Paley is behind bars for conspiring with a foreign power (or collusion by any other name) and forced to beg for mercy from the President he previously frog-marched out of the White House. She spits on Paley in disgust, but President Keane has one last surprise to unleash on live TV: she’s resigning in recognition of the part she has played in dividing the country.

“I wasn’t above using the power of my office to lash out against my enemies,” Keane tells the nation as she reveals her intent to hand the Oval Office reins to Vice President Ralph Warner (Beau Bridges). Keane gives a stirring speech urging the country to focus on unity, healing, and compromise for the good of the country. 

“If it takes a woman to shock this country back to its senses, so be it,” she says. “Let’s make a promise here tonight — an American promise to each other that instead of scorching the earth between us we will try every day to find common ground. There will be a new President in the morning. Help him. Pray for him. Our future depends on it.” 

Keane is exonerated after the mission to Moscow by Carrie Mathison (Claire Danes) and Saul Berenson (Mandy Patinkin) claims its prey — Simone Martin (Sandrine Holt), the Russian agent who helped foment the fake news stories that got Keane in such hot water.

Saul nabs Simone by playing a classic spy-fy switcheroo when the brunette dons a blond wig to masquerade as Carrie in order to get out of Russia with Saul & Co. Carrie is the fake-out for the Russian agents hunting Simone to kill her before she can spill all to the Americans. Carrie has to provide cover for the others to get Simone back to Washington to testify before Congress. Carrie takes a big one for the team and is taken into custody by the Russians.

In the closing moments, seven months have passed and Carrie has been denied her bipolar medication unless she agreed to record a statement saying that Simone’s testimony was all untrue and the whole thing was set up by the CIA. We finally get the big showdown between Carrie and Yevgeny (Costa Ronin) that “Americans” fans have been waiting for all season. A punch is thrown, and it isn’t by Carrie.
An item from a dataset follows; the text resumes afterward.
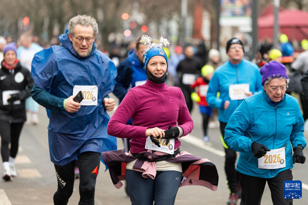 2026年1月1日,人们在德国首都柏林的菩提树下大街参加新年跑活动。

Yevgeny vows to withhold Carrie’s bipolar medication if she doesn’t agree to a give a videotaped statement. “F— you” and “go to hell” are Carrie’s responses. Cut to seven months later, Carrie is released at a border crossing as part of a prisoner exchange — four Russian bad guys are let loose to secure Carrie’s freedom. Only the Carrie that is shoved toward Saul in bad shape — goggle-eyed, twitchy, and seemingly barely able to speak. The long stretch without her medication has clearly taken a toll on the woman who promised her young daughter early on in the episode that she would absolutely return home.

The seven-month gap and the fact that Carrie wore a loose-fitting down coat in the final scene fueled immediate speculation that Carrie’s ordeal in the gulag left her pregnant — a chilling inference about how she was treated while spiraling out of control without her meds. The fact that Danes recently revealed she is pregnant with her second child will only add heat to the rumor.

All told, season seven of “Homeland” had more ups and downs from a creative standpoint than usual for this meticulously crafted drama that more often than not been astounding in its ability to reflect the post 9/11 zeitgeist. The big question we’re left with at the end of this season is whether season eight (which is already ordered) will be the show’s last, as Danes and Gansa have indicated.

As good as “Homeland” can be — from the writing to directing to the tour-de-force performances by Danes and Patinkin — the vagaries of season seven suggest that producers and Showtime would be wise to take a cue from President Keane and realize when the time is right to call it a day.